Você foi certeira em seus comentários, Laura! Para mim, o grande nome da seleção nestes três primeiros torneios foi Tandara. Ela, sim, foi constante; está numa excelente fase profissional e foi a líder que a Natália deveria ter sido. Tendo dito isso, concordo totalmente com seus comentários sobre a Natália. Está claro que ela é o xodó do ZRG, que confia muito nela, mas a Natália não está pronta ainda para assumir a responsabilidade de ser a líder deste time.

Acho que se consolidaram na seleção, após os primeiros torneios, as seguintes jogadoras: Tandara, Natália, Roberta, Gabi, Adenízia e Rosamaria.

Bia e Carol foram muito bem, mas, com a possível volta de Thaísa, as duas devem brigar pela quarta vaga de central da seleção.

A Suelen, como você bem disse, perdeu a chance de ouro de se firmar como segunda líbero da seleção, mas foi péssima e não passou confiança em momento algum. A Gabiru, pelo contrário, aproveitou a chance que teve e foi se encontrando, no passar do tempo, como líbero. Mas, essa não é a posição de origem dela, então, acho que esse experimento do ZRG não vai pra frente e só ocorreu porque nem ele confiava na Suelen plenamente.

O mau aproveitamento da Macris e da Mara me incomodou profundamente. A Mara, quando entrou, não comprometeu e foi ótima. Merecia ter tido mais chances. Em relação à Macris, sinto que ela não se sente à vontade na seleção, que ela tolha seu talento e sua ousadia. Isso se deve ao fato do ZRG não gostar de levantadoras assim.

Como a Macris não terá espaço, espero que o ZRG faça o correto e chame uma levantadora experiente como Fabíola.
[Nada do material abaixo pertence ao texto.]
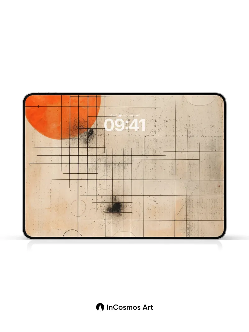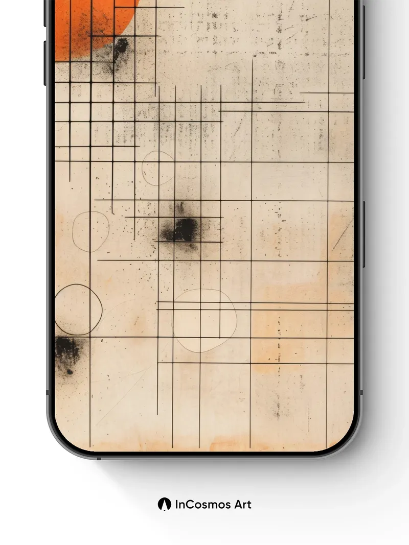 Did you know that ancient Japanese scroll painters used rice paper and mineral pigments to create ethereal textures? Here, a faded orange sun hovers over a delicate lattice of intersecting lines, its warmth bleeding into the aged parchment surface like memory itself. The grid feels both architectural and fragile, as if drawn by hand in quiet contemplation, while faint circles and smudged ink stains whisper of forgotten equations and celestial charts.

Com certeza, a presença de alguém como ela fará um bem enorme à Roberta, que poderá crescer ainda mais como levantadora.

No mais, estou muito preocupada com o futuro dessa seleção e espero, sinceramente, que o ZRG, em futuras convocações, dê espaço para novos talentos do nosso vôlei, como Lorenne, porque isso será fundamental para ela.

Vicente Maia disse...

Laura, muito boa sua análise, como sempre.
Eu fiquei bastante surpreso com essa formação, esperava apenas o título sul-americano, mas elas se superaram e conseguiram dar a volta por cima em determinadas situações que pareciam perdidas. Mérito delas e da comissão técnica que conseguiu dar uma identidade ao time e fazê-lo trabalhar como uma equipe. A falta de grandes estrelas talvez tenham sido uma coisa boa para elas, pois a única titular remanescente do Rio 2016 era Natália.
O início foi marcado por um discurso pessimista de uma parte da torcida que previa um apocalipse voleibolístico, que seriam dois ciclos perdidos, que o futuro da seleção era ser uma Cuba. As críticas viam de todos os lados e atingiam a todas elas. Natália era a eterna promessa que não se concretizava, Tandara a jogadora que amarelava sempre, Roberta não tinha rodagem nem em clube, Rosamaria ou Drussyla não tinham bagagem para ser a segunda ponteira. As centrais foram as mais criticadas, chamadas de anãs e que só serviriam para levar água para as titulares que deveriam ter mais de 1,90m. Ver Carol e Bia serem premiadas em todas as competições foi um prazer muito grande. Adê aproveitou muito a primeira oportunidade como titular e fez uma boa campanha. Tandara e Roberta foram, para mim, as jogadoras que mais evoluíram e se consolidaram nas respectivas posições. Natália passa para mim a impressão de não estar bem fisicamente desde o início dessa temporada.
O grande problema do time brasileiro foi o passe, um percentual expressivo de passes B e c acabavam com as opções de ataque e facilitavam a vida dos adversários. Tinha grandes expectativas em relação à Suelen, mas achei que ficou devendo muito nesse quisito. Gabi excedeu às minhas expectativas, mas não é uma líbero nata. Mudar de ponteira pra oposta não é um grande sacrifício, mas de ponteira para líbero é uma mudança radical e que leva muito tempo para maturar. Pra piorar ela vai voltar a jogar de ponteira no Rio de Janeiro, então se Léia voltar à forma ou Camila voltar atrás na decisão de não jogar mais na seleção, o projeto Gabi líbero talvez não dê em nada.
Mesmo elas tendo escorregado em algumas ocasiões, o saldo foi, para mim, muito bom.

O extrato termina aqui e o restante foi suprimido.